Much of the feedback about the proposed Hy-Vee grocery store on the southeast corner of Woodland Drive expressed excitement about that store coming to Waunakee yet with the caveat that the developer be denied Tax Incremental Financing.

That tool has often sparked controversy, but it is perhaps the only one municipalities can use to encourage new development.

Within a TIF district, property values are frozen at the predevelopment rate. The municipality or the developer can borrow funds to aid with infrastructure costs such as grading, new roads and electrical, water and sewer extensions. Borrowing is then repaid by the added tax increment resulting from the increased property value.

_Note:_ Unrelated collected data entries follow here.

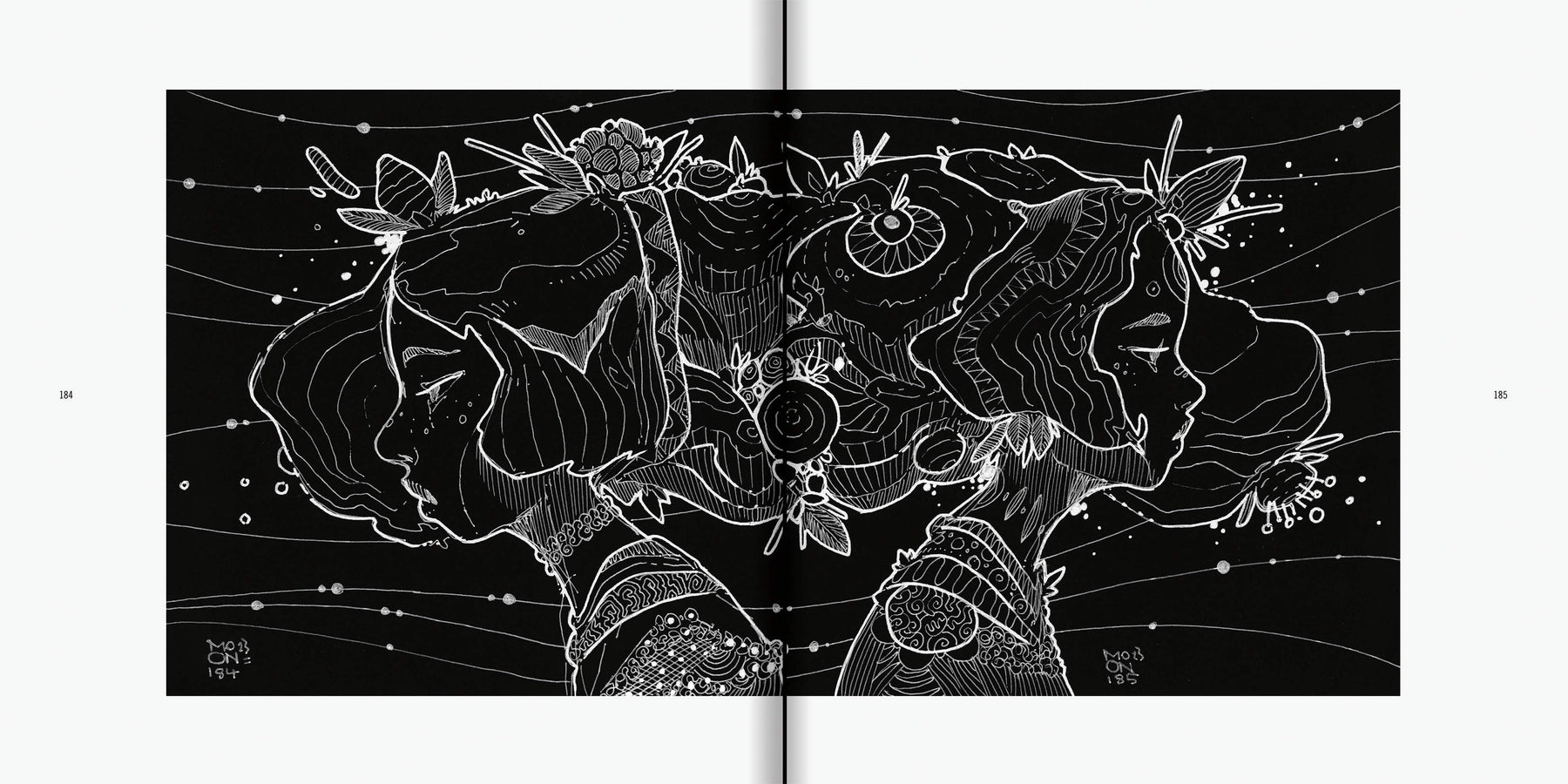 Entering Moon's universe is to let oneself be taken by the hand to discover a world full of vibrant colours, creatures simultaneously both human and vegetable, and discovering the balance between form and nuance. The maxim that a picture is worth a thousand words, were never truer than when in reference to Moon's drawings, which reveal torment, expectation, encounters, doubt... Life in its widest and most vivid emotional range.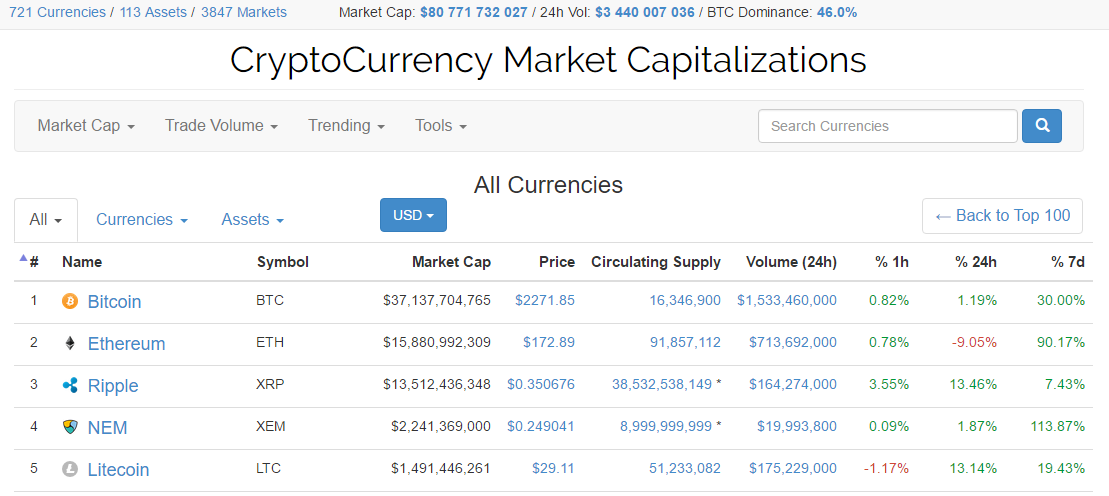 По данным сервиса Coinmarketcap, суточный оборот криптовалют составил $3,4 млрд. Несмотря на экспоненциальный рост биткоина, по своей капитализации он по-прежнему уступает альткоинам и его индекс доминирования состаляет всего 46%.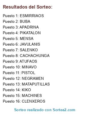 Lista de participantes: JAVULANIS, MENSA, KIKO, BUBA, PISTOL, ESMIRRIAOS, CLENXEROS, NEGRAMEN, ATUFAOS, SALENKO, APADRINA, MINAVO, MATAPUTILLAS, MACHINES, CACHACHUNGA, PIKATALON.

TIF was created not so developers could stuff their pockets with this cash; instead, it is meant to bridge a financial gap for development costs and create a larger tax base for the community. At the end of the district’s life, the full value of the redeveloped property returns to the tax rolls.

Depending on the type of district, the district’s life must close within 20 to 27 years.

The development also creates construction jobs, and where manufacturing, office and retail facilities are built, long-term employment. In some cases, TIF can also help municipalities pay for the costs of road construction, such as the Hwy. Q project where a safer intersection at West Woodland Drive was included, along with stoplights and sidewalks among other improvements.

In this case, Forward Development Group – not Hy-Vee – is the developer. Forward Development Group has other plans for the site, as well, including a coffee shop, offices and other retail, senior housing, multifamily housing and a few single-family homes. That developer has proposed concept plans for the site in the past, as well. This time, Hy-Vee is proposed to be an anchor of the new neighborhood.

Some oppose the use of TIF because they would prefer development occur without that delay in the value being added to the tax rolls. During the life of the district, it’s been said that new development results in increased school enrollment, added traffic and additional roads, creating more demand on public services without the additional tax revenue to pay for it.

Yet TIF is to be used only when the development would not occur without the incentive, often referred as the “but for” clause in the state law.

As the Waunakee Plan Commission and Village Board consider the Forward Development Group’s proposal, these will be points to consider. No action has been taken on the plan, and likely several more meetings will occur to determine whether shovels will ever reach the ground.